**What you have to do**
Your answer must be the full listing, reproduced exactly, minus any pictures.
*** Data excerpt ***
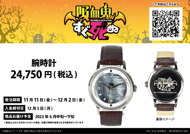 細部までこだわり抜いて制作された今回の新作アイテム。作品の世界観を存分に堪能できる腕時計とともに、TVアニメ『吸血鬼すぐ死ぬ』の放送1周年をお祝いしてみてはいかがでしょうか?
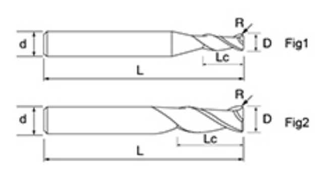 | No. | Diametro D | Angolo R R | lunghezza del flauto Lc | Lunghezza totale L | Diametro gambo d | Conteggio delle lame F |
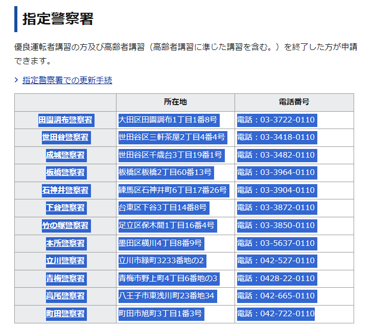 例えば、東京都内で運転免許の更新ができる指定警察署を調べるとだと、警視庁のページでは以下のように表示されています。これをガバっとコピーして Dokoda に入力すると何も整形せずともマッピングしてくれます。
***
**Task solution**
 細部までこだわり抜いて制作された今回の新作アイテム。作品の世界観を存分に堪能できる腕時計とともに、TVアニメ『吸血鬼すぐ死ぬ』の放送1周年をお祝いしてみてはいかがでしょうか?
 | No. | Diametro D | Angolo R R | lunghezza del flauto Lc | Lunghezza totale L | Diametro gambo d | Conteggio delle lame F |
 例えば、東京都内で運転免許の更新ができる指定警察署を調べるとだと、警視庁のページでは以下のように表示されています。これをガバっとコピーして Dokoda に入力すると何も整形せずともマッピングしてくれます。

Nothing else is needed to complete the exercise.